Нет уже ничего целого, и не будет...
КрАЗ защитного цвета весело пер на “передок”. На борту реликта бывшего советского автопрома новые побратимы Ярослав и Санёк из Солёного, что возле Днепра, написали наскоро белой краской заветную мантру: “Путин – хуйло”. Ржали, как кони, когда писали... А чё? Кого боимся-то? Козацькому роду нема переводу...
Хлопцы и сейчас улыбались, потому что кто-то достал хорошей «травы», чтобы скучно не было. Весело скалясь, забивал Андрюха ещё косяк, рукав полез вверх...
Классная просто татуха у Андрюхи, что из-под Белой Церкви.
“Рабів до раю не пускають”... Та хрест, синьо-зеленого кольору.
Чтоб скоротать время, разговаривали всякие разговоры про геройства.
- Я на нього дивлюсь та й питаю: Ти ж сепаратист? - весело рассказывал Ярик, глядя в расстилавшуюся степь...
- А он шо? - спрашивал Санёк по-русски, положив ладонь на шеврон с трезубцем.
- А шо він? Украинец я, каже, - передразнивая русскую речь, продолжал Ярик...
- А ти шо? - “шокая” по-малороссийски, поддерживал товарища Санёк.
- А я йому, а чий Крим? - рубанул Ярик нехитрой, стопроцентной формулой патриота, выводящей всех скрытых врагов на чистую воду.
«Всё не то, - думал Серёга, - и Крым не наш, и Донецк потеряли, и Луганск. Капитулировали дважды. Под Иловайском сначала, потом под Дебальцево... Бежали ж... Стыдно и позорно бежали. Потом это чудо, когда ополченцы под Мариуполем остановились!.. А эти пацаны уже новые. Ничё пока не понимают... Ничё... Перемога сплошная. Надписи вон пишут».

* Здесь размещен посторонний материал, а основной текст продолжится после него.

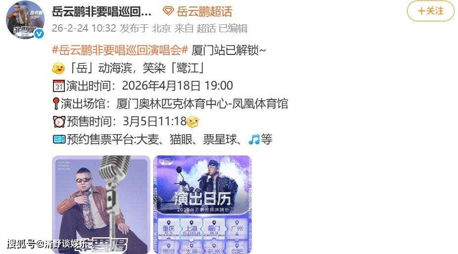 2026年马年春晚名单里没有岳云鹏,这不是临时被刷掉,也不是身体出问题,他本人和团队都没提到退出这两个字,相反在3月5日11点18分,他的“非要唱”巡回演唱会厦门站准时开票,这个时间选得挺有意思,11是要的意思,18是要发的意思,他自己说过这是穷日子过久了留下的习惯,信个彩头不为迷信就图个心安。
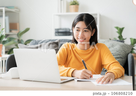 Happy Asian girl smile on the face, Asia student learning online on laptop at home.

Только друг Андрюха молчал, царапая приклад своего АКСУ, думая о чем-то, изредка качая головой, как бы споря с кем-то и сомневаясь. Он тоже служил давно. Зло служил.

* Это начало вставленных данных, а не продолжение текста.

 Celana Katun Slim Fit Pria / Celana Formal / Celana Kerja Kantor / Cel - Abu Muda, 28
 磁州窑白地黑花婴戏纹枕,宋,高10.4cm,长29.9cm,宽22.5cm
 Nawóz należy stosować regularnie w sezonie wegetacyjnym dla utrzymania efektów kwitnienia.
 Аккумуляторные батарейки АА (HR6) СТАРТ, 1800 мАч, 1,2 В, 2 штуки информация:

“Вперше українська армия перейшла Днипро”...
Так говорил один большой патриот Украины перед тем, как уехать в Лондон...
Хотелось спать. И не мог. Сон-не сон... Полудремота...
А жара всё сильней. Летит пыль столбом из-под колёс “жидобандеровского” КрАЗа, прущего, что есть дури, по широкой, украинской степи.

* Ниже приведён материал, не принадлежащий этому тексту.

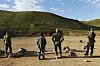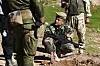 Ute i treningsområdet starter dagen med en leksjon i førstehjelp. To norske soldater viser hvordan man stanser blødninger ved hjelp av en improvisert torniquet. En flaske fylt med rød væske simulerer blodet. Via et plastrør som stikker ut gjennom uniformsermet på den ene soldaten, strømmer «blodet» fritt ned på den støvete marken.
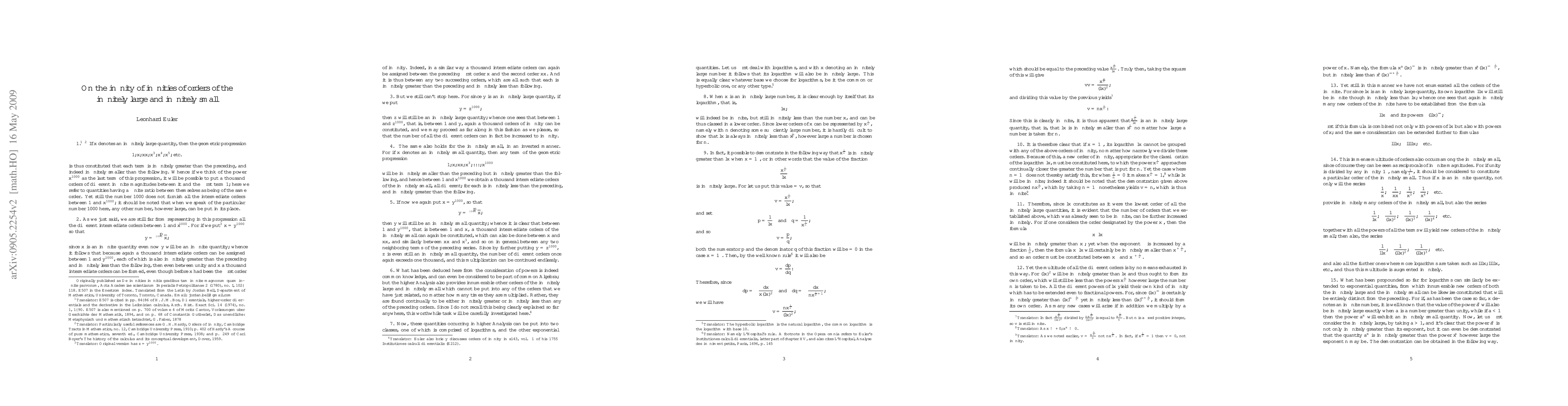 Translation (by J.B.) from the original Latin of Euler's "De infinities infinitis gradibus tam infinite magnorum quam infinite parvorum" (1780). E507 in the Enestr\"om index. Euler discusses orders of infinity in this paper. In other words this paper is about how different functions approach infinity or 0 at different rates. I was not certain about what Euler means by "infinities infiniti". Probably he means that $x,x^2,x^3$, etc. are infinitely many orders of infinity, and $\log x,(\log x)^2, (\log x)^3$, etc. are infinitely many orders of infinity, so the combinations of them are an infinity of infinities of orders of infinity. In fact Euler mentions other orders of infinity in this paper. It would be worthwhile to study this paper more to figure out exactly what Euler means here. Another translation of the title is "On the infinitely infinite orders of the infinitely large and infinitely small". Here's another place Euler uses the phrase "infinities infiniti". The phrase "infinities infiniti" from the title is used by Euler also in section 21 of E302, "De motu vibratio tympanorum". Truesdell translates this phrase on p. 333 of "The rational mechanics of flexible or elastic bodies" as "infinity of infinities". I'd like to thank Martin Mattmueller for clearing up some questions.

Горький запах полыни дурманит, хочется пить. За курганом, который они оставили справа, медленно проявлялся нехороший пейзаж - развороченный обстрелами старый погост...
Серёге на мгновение стало не по себе. Но чувство неясной тревоги, кольнувшей где-то слева, у самого сердца, ушло быстро.
КрАЗ, раскалённый степным, безжалостным солнцем, остановился на самом краю кладбища. Земля тут ничья. Странные слова... Так только на войне бывает...
Побратимы стали выгружать миномёт и боекомплект к нему.
- Курить будешь?- спросил кто-то...
Серёга служил давно. «Трава» его не брала. Он даже не повернулся, только покачал головой, и косяк ушёл дальше, по кругу.
Отошёл, вытащил аптечку из рюкзака. Крохотный шприц. Два куба. Как раз то, что надо.
- Хлопці, - быстрой, галицкой скороговоркой говорил Ярослав, искоса поглядывая на Серёгу, - робимо все швидко. П’ять-шість мін по сепарах, та ходу звідси!
Серёга только кивнул, подтверждая. Побратимы справятся. А он сегодня просто так, за компанию. Надоело всё. Давно уже надоело...
После обстрела сепаратисты дадут обратку. Под неё надо не попасть.
Но сейчас главное, чтоб не трясло, не ломало... Вот и всё...
Кое-где на кладбище оставалась сирень и сосны. Туда, в тень, в прохладу, и нес сейчас свою аптечку Серёга.
Под сосной холодок, место хорошее, старая могила, с когда-то красной, а теперь ржавой, плоской звездой. Фотографии давно нет. Серое пятно вместо фото. Только надпись осталась.
Остап Тарасович Бульба, рядовой. 1922 - 1942.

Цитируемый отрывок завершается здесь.